## TASK PROMPT
Everything from the line with "Хризолит, юридическая компания" to the line with "A copper and" in the listing below, both lines included, needs to be copied exactly, apart from the pictures.

## TASK INPUT
------------------------------

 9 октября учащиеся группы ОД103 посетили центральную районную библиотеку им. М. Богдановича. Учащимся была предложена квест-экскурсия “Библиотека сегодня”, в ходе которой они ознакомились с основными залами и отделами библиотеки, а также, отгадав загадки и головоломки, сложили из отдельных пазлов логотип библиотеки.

------------------------------

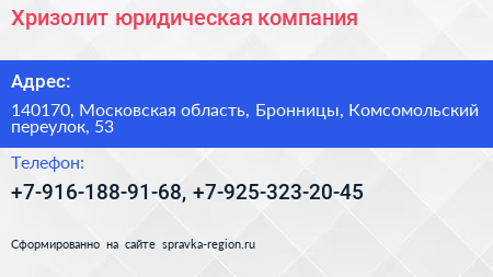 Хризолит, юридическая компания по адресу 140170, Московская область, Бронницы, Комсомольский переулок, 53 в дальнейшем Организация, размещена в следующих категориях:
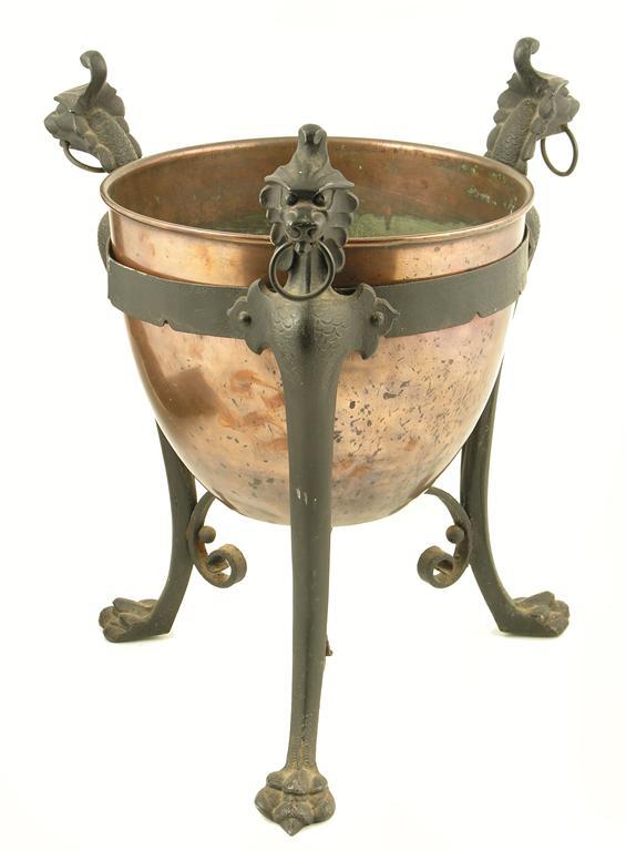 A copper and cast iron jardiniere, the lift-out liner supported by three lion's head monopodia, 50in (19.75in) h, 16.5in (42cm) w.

------------------------------

## EXPECTED OUTPUT
 Хризолит, юридическая компания по адресу 140170, Московская область, Бронницы, Комсомольский переулок, 53 в дальнейшем Организация, размещена в следующих категориях:
 A copper and cast iron jardiniere, the lift-out liner supported by three lion's head monopodia, 50in (19.75in) h, 16.5in (42cm) w.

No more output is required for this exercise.